Tom:
I'm pleased that you found it useful!

Sivakatirswami:
One way to make sure all the text is set back to the default color might be to:

     lock screen -- hide the following selection process
     select text of tSpellField -- your field name here 
set the foregroundColor of the selectedChunk to empty -- return all text to its native color

Of course this assumes that your field doesn't contain any odd pieces of text that are *supposed* to be colored differently.

-Scott

On Feb 21, 2006, at 3:24 PM, Sivakatirswami wrote:

Jonathan:

Excellent solution...so simple... I really need to get this going here.

1) Did you add any other bells and whistles? such as a suggestions list for corrections? I'm thinking now, for simplicity sake: offer a list of words that begin with the same letter. I know there are lots of special algorithms for a more focused offering of close options, but it's probably over my head to implement in transcript...

2) What are you using as your standard dictionary-word list?

3) Once you colorize the mis-spelled word and they fix it.. what's your clean up routine to restore to black?

Thanks!

Sivakatirswami



On Feb 21, 2006, at 4:38 AM, Jonathan Lynch wrote:

I have apps I created for my job that do spellchecking. Works great.


What you do is load the word list into a custom property of your stack for
storage

Then use a script like this:

on preopenstack
  global gWordList
  put the listofwords of me into tList
  repeat for each word tWord in tList
    put "true" into gWordList[tWord]
  end repeat
end preopenstack

This creates a global array with each element named after each word in your
word list, with "true" as the content of that array.

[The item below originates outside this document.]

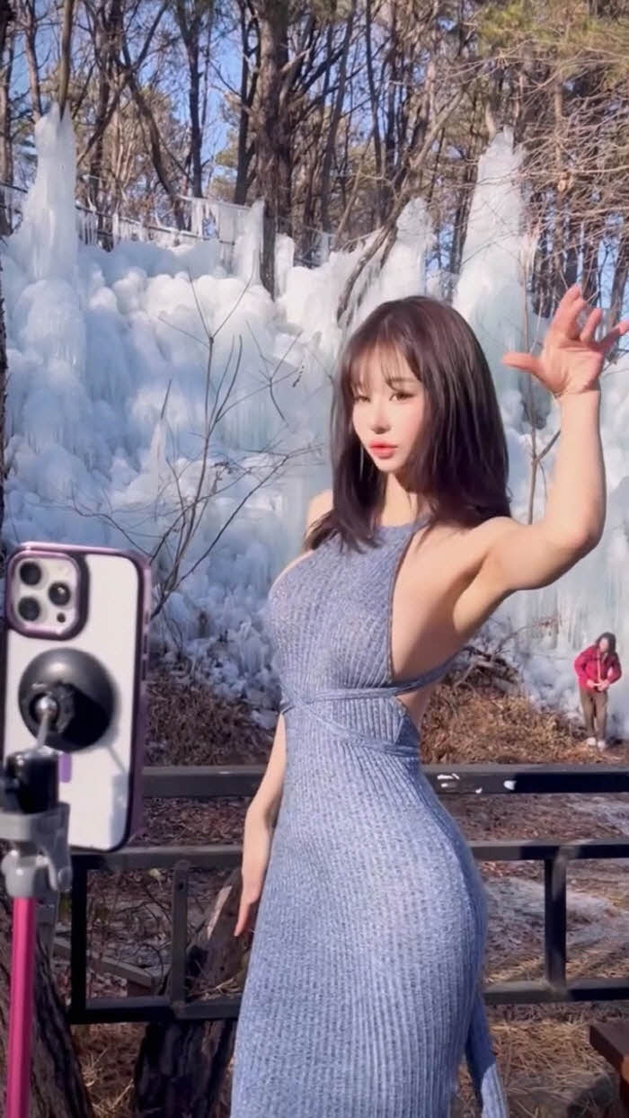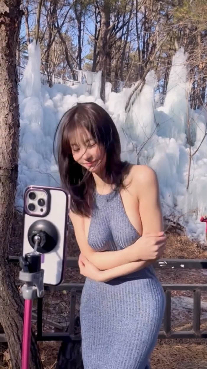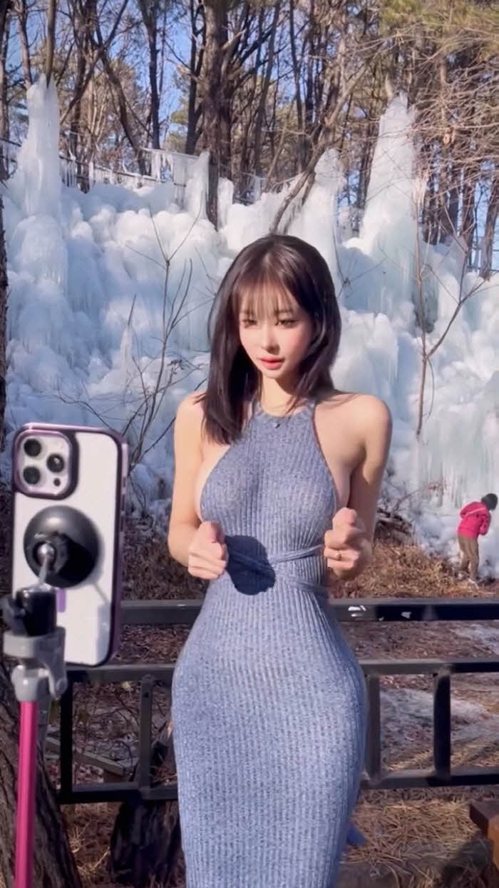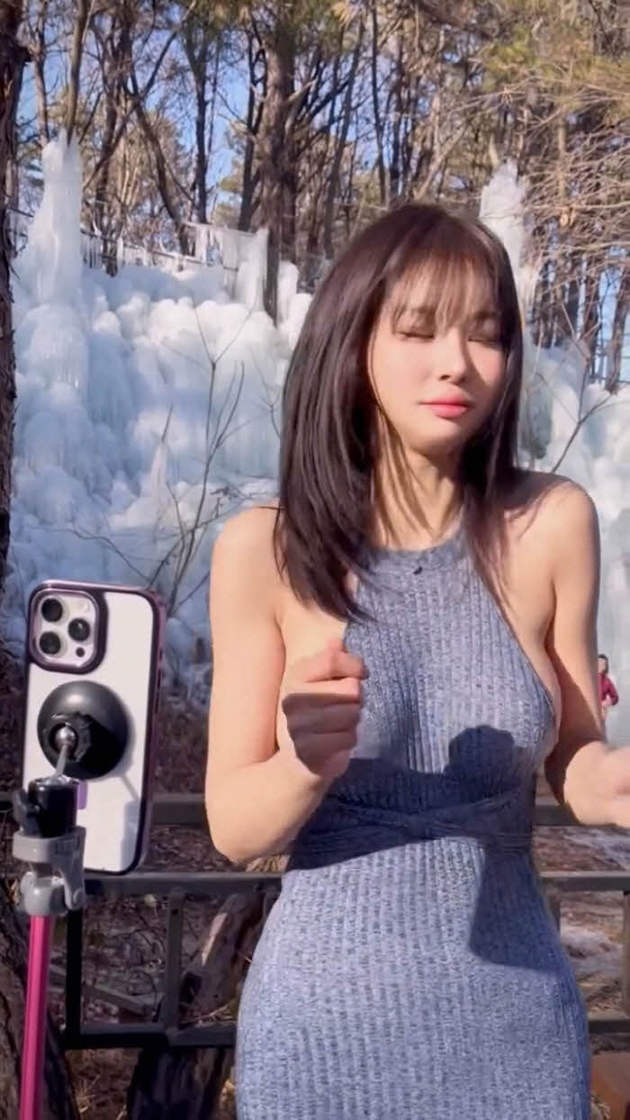 빙벽앞 패치만 붙이고 영상찍다 너무 추워하는 갓세희 (영상)

Then, when you check words, you do something like this:

on closefield
  lock screen
  global gWordList
  put 0 into tCount
  repeat for each word tWord in me
    add 1 to tCount
if not gWordList[tWord] then set the bgcolor of word tCount of me to
yellow
  end repat
end closefield

This checks, for each word in the field, to see if that word is a part of
the global array, and if it contains the word "true" ("if not" is a
shorthand way of doing that)


There are lots of nuances, of course, depending on how you want to handle punctuation - but that is relatively straight forward text manipulation.